▶ _TASK OBJECTIVE_
Transcribe, word for word, every line from the one containing "Sharon Robe Midi" through the final line of the records, and omit the pictures.

[Entries taken from a collection]
=======

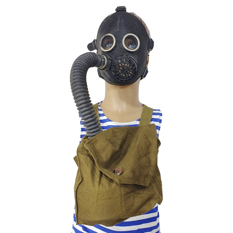 Maska przeciwgazowa PDF-DA (Противогаз ПДФ-ДА), przeznaczona dla dzieci w wieku 1,5-3 lata. Maska jest nowa, nieużywana. W komplecie torba do przenoszenia i filtr powietrza. Produkcja z przełomu lat 80-ych i 90-ych. Maska PDF-DA w rozmiarze 1 ma inną budowę niż standardowe i przeznaczona jest dla dzieci w wieku 1,5-3 lata. Wersja z torbą na klatkę piersiową - dla mniejszych, młodszych dzieci.
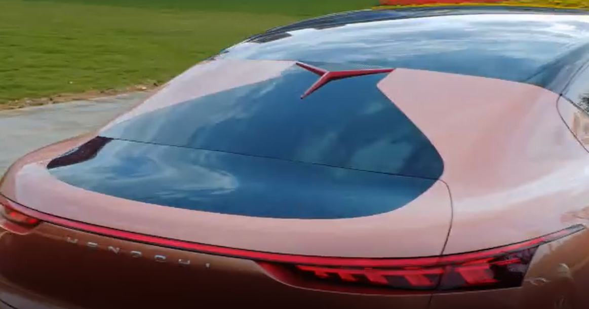 车尾部分,并没有采用掀背的造型设计,但使用了创新的设计理念,将后风挡玻璃和后尾厢部分融为一体。细长的尾灯搭配极具设计感的灯腔内部造型,科技感十足。“HENGCHI”的品牌全拼标致则被放置在了贯穿尾灯下方。
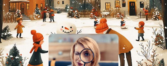 Nedenfor ser du et bilde av et snødekt torg der folk går. Noen leker med snøballer, noen lager en snømann eller bare beundrer vinterlandskapet.
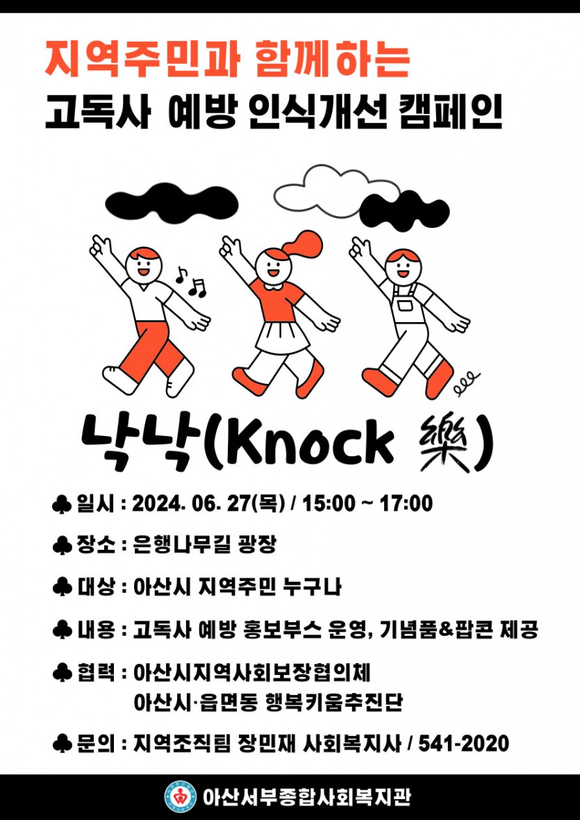 지역주민과 함께하는 고독사 예방 인식개선 캠페인 안내 페이지 정보 작성자 최고관리자 작성일 24-06-24 09:39 조회 807회 댓글 0건 본문 지역주민과 함께하는 고독사 예방 인식개선 캠페인 이전글2024년 희망나눔재단 산하시설 신나라어린이집 원장 채용 1차 서류 합격자 공고 다음글2024년 제2차 운영위원회 개최 안내 목록 답변 댓글목록 0 댓글목록 등록된 댓글이 없습니다.
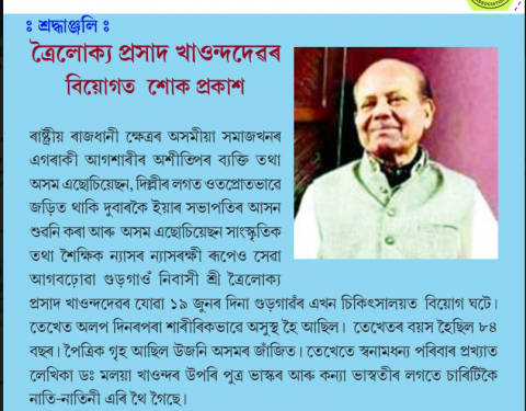 Jogajog - the monthly newsletter of Assam Association Delhi  for the Month of  July    2021 is attached.  The important news published  are viz.1.      Editorial -  Appeal has been made by editor to esteem readers   to  share their  important news to publish in Jogajog  through  whatsapp Number   98737638112.      Thanks giving letter from  Hon’ble Chief Minister of Assam  to Assam Association Delhi .  3.      Shardhanjhali to  Trailokya Prasad Khaund held  A  shardhanjali  meeting was   organised by Assam Association Delhi yesterday dated 20th June at 7:45 PM  through Google Meet   to pay the last respect  to  T. P. Khound  who  left for his heavenly abode  on 19th June 2021 after brief illness.  T P Khaund was Ex President , Assam Association Delhi and  Trustee of  Assam Association Education and Cultural trust .  He was  Retd (IAS ) officer and worked  on several important assignment  during his service  viz Resident Commissioner, Principal Adviser   to Governor , etc   During the  meeting, Dr Nilamani Sarma briefly described about his life and his long association with Assam Association, Delhi.  Other prominent speakers were viz. Achyut Saikia, Dr M P Bezbaruah, , Hiranya Kumar Das, Sarat Borkakoty   Dr. Jayantimala Devi ,  Smti Trishna Borkakoty  Dr Bipul Baruah, , Angshuman Baruah , Smti Reem Pathak  etc.  The condolence message of Smti Anjali Barooah was conveyed as she  was out of Station.   At the  end,   one minute silence was observed  to pay homage to Sjt T P Khaund The recorded video of the above  is Shardhanjhali is  available at https://youtu.be/R1SbgNeBkvo    4.      Bishnu Rabha Divas Observed in Delhi   New Delhi  21st June 2021   Assam Association Delhi  celebrated   “ Bishnu Rabha Divas”  on 20th June 2021 from 8:15 PM onwards thorough Google Meet  which was attended by around 80  participants from various parts of the world. An attractive cultural event was also organised to mark the event. Each year , Rabha Divas is celebrated on 20th June as  tribute to  the  death anniversary of Sri Bishnu Rabha.  The guest of honour of  the event was Sri  Prithviraj Rabha , son of legendary Bishnu Prasad Rabha who joined from   Tezpur.  In his  speech , he described various significant incidents of his father i.e.   late Bishnu Rabha during his lifetime.  Currently Sri  Prithviraj Rabha  is the  MLA from Tezpur constituency, Assam. Prior to his speech , Sri Prasanta Kumar Das  gave a  brief introduction about Sri  Prithviraj Rabha to the participants and Dr Nilamani Sarma  described  about Assam Association Delhi to Sri Rabha.Later , a  few prominent personalities spoke briefly   about Sri Bishnu Rabha. Dr Sangeeta Kakoty, renowned Artist from Assam   told  how Sri Rabha  was instrumental in bringing    transfusion of various  music of other parts of the country  into  Assamese music . Sri Bhupen Uzir and  Smti Santa Uzir described about deep  essence inside   Rabha Sangeet . A few other notable  speakers were i.e. Smti Jonali Talukdar , Smti Naba Mallika, Kishorima Kashyap Saikia  and  Mrs Jonali Dutta. During the cultural program several artist performed  viz.           Live1.      Dr Sangita Kakoty,  Song2.     Sri Bhupen Uzir & Santa Uzir  Song3.      Smti Sibani Baruah , Song4.      Smti Reem Pathak, Song5.      Sri Ankur Dutta , Song6.      Dr Banahit Mazumdar , Instrumental7.      Kishorima Kashyap Saikia8.      Smti Zhim Pathak . Song9.      Nilay Das , Song10.  Smti Sangeeta Borthakur, Song11.  Smti Jonali Talukdar , Song12.  Smti Naba Mallika, Song13.  Smti Sangeeta Das Sibf14.  Smti Irani Saikia, Song etc.Other singers  who performed through sharing their recorded video were  viz.1.    Smti Vishalakshi U Kashyap Dance  2.    Smti Sibani Baruah Song  3.    Smti Murchana Sarnah Song  4.    Smti Aparna Devi Teacher, Assam Jatiya Bidyalay. Noonmati Guwahat Dance5.    Smti USHRIA PRITOM's Dance Performance on "BISWAR CHANDE CHANDE"6.    Mrs Boruah Ahmedabad7.    Smti Anshikaa Shivam Dance8.    Dr. Dhrubajyoti Sahariah, Mangoldoi, Recitation9.    Smti Barnali  Dutta Bora  Song10.  Smti Bhargavi Kashyap Age - 11 yrs Class - VIC/o Dr Bhupen Deka IIT GUWAHATI11.  Smti Parijat Nath, Age 13, Daughter of Kiran Nath & Manisha Devi, Tezpur12.  Sri Jayditya Saikia Song13.  Dhanistha Saikia Song14.  Sri Madhurjya Sarma Music Keyboard15.  Sri Debajit Baruah   Music Guitar  16.  Pragya Priya Baruah. Recitation  17.  Sushubhan Talukdar Song18.  Smti Nijara Nath Dance19.  Smti Reem Pathak  Song20.  Sri Rajdeep Das etcThe entire program was recorded and made available at https://youtu.be/Z1NCg8XctqcThe event was moderated by Dibyojit Dutta and  managed by  Reem Pathak, Angshuman Baruah and Prasanta Kr Das. 5.      Obituary     Smti Neelakshi Borgohain W/O Late Gunin Borgohain  breathed her last on 1st May  due to Covid-19  in a hospital in NOIDA.  She was only 40 years old at that time.  She left behind two little daughters.  Tragically, she had lost her husband Gunin Borgohain a few years before i.e. on 16th September  2018. 6.      General Body meeting of Sahitya Xora held on 27th June 2021 7.      Sodou Axom Lekhika Samaroh Samiti , Delhi Chapter Remembers Sheela Barthakur  -  Sodou Axom Lekhika Samaroh Samiti, Delhi Chapter organised a virtual meeting on June 21 to remember and pay tribute to Late Sheela Barthakur on her first death anniversary. Sheela Barthakur passed away on June 21, 2020 at the age of 84 years. Late Sheela Borthakur is the role model of all the women writers of Assam . She is the founder president of 'Sa
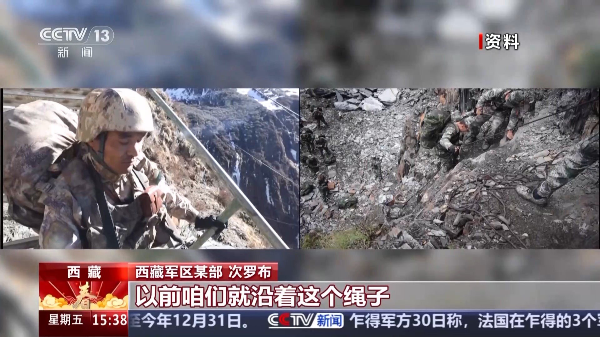 西藏军区某部 次罗布:这个山口叫老虎嘴,以前没有钢架桥。之前是边上一直有绳子挂下来的,以前就沿着绳索然后往上面攀登。
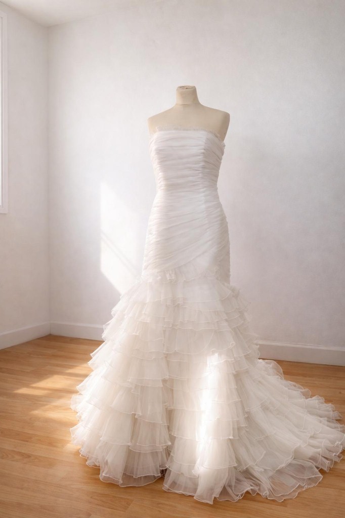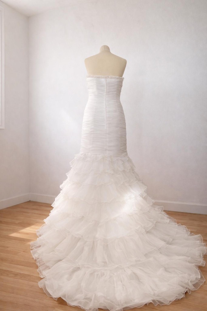 abito da sposa mezza sirena tulle gonna frappe corpetto arricciato
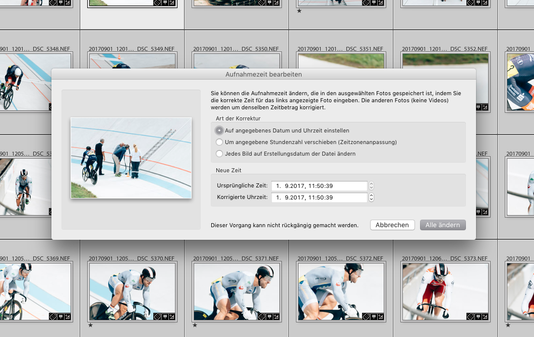 Back at home, the pictures of the first camera are selected in Lightroom and the capture time is shifted exactly to the displayed time of the first picture. This process is being repeated for each camera. The app results then allow a “who is who” on each picture.
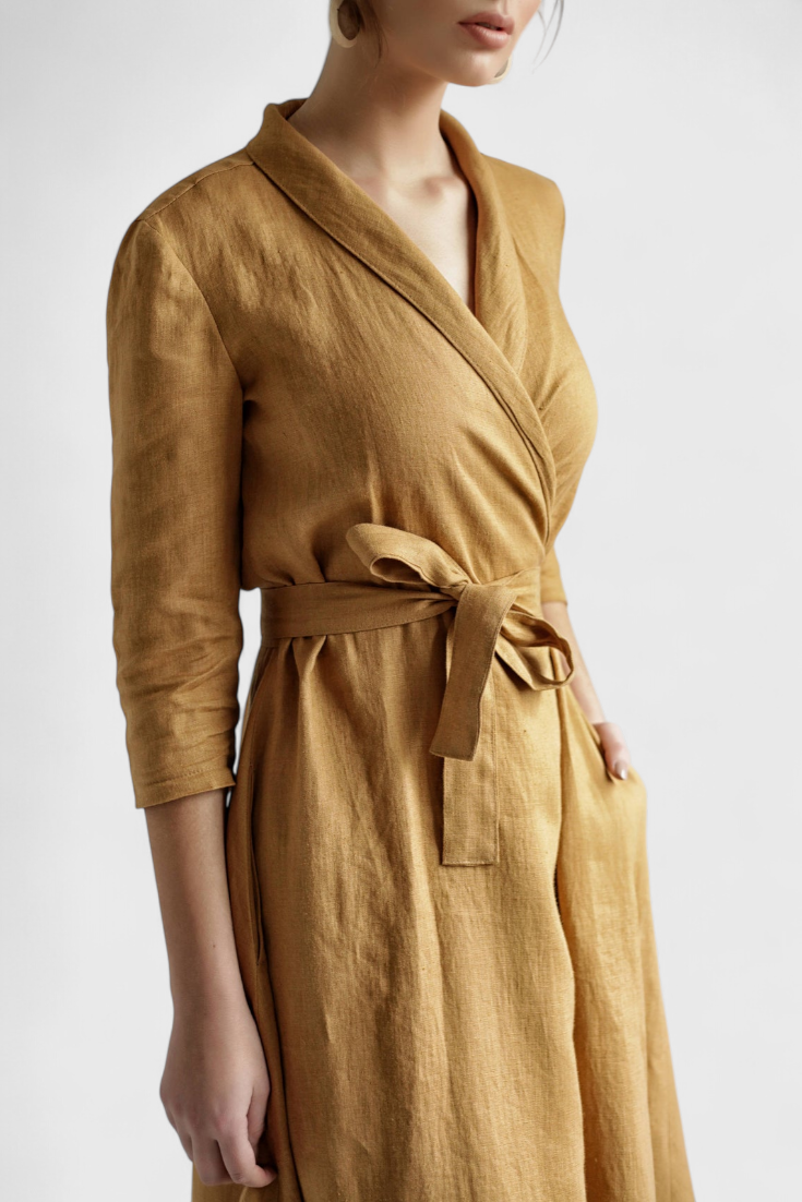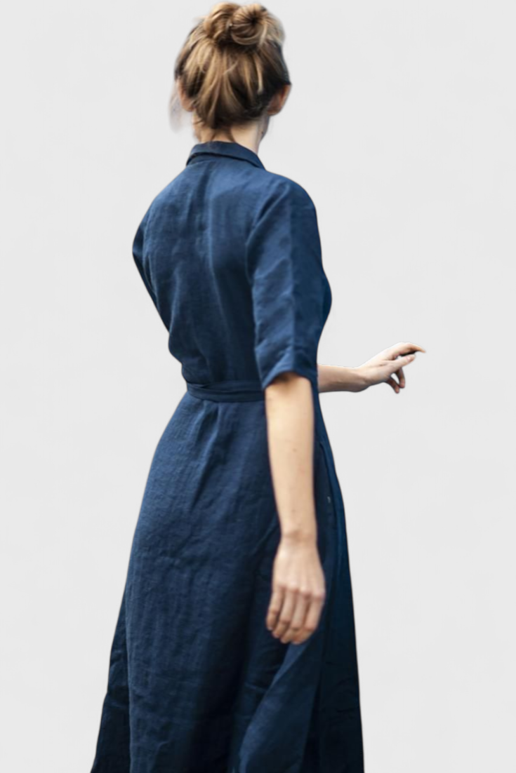 Sharon Robe Midi Vintage de Algodón y Lino avec Cuello de Solapa
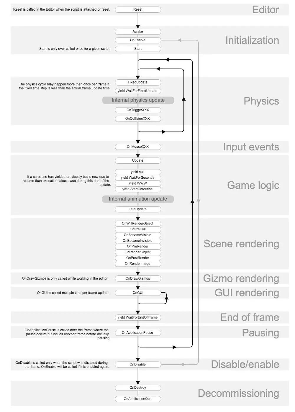 19.Unity3D 协程是在主线程中执行的,在Update()方法之后,LateUpdate()方法之前调用。Unity在每一帧都会去处理对象上的协程,遇到yield return 语句会挂起,直到条件满足才会被唤醒继续执行后面的代码。使用StartCoroutine和StopCoroutine()方法来开启,结束协程,也可以在启动协程时定义一个Coroutine变量去保存协程,然后调用stop方法去停止协程。

=======

▶ _RESULT FOR THIS EXERCISE_
 Sharon Robe Midi Vintage de Algodón y Lino avec Cuello de Solapa
 19.Unity3D 协程是在主线程中执行的,在Update()方法之后,LateUpdate()方法之前调用。Unity在每一帧都会去处理对象上的协程,遇到yield return 语句会挂起,直到条件满足才会被唤醒继续执行后面的代码。使用StartCoroutine和StopCoroutine()方法来开启,结束协程,也可以在启动协程时定义一个Coroutine变量去保存协程,然后调用stop方法去停止协程。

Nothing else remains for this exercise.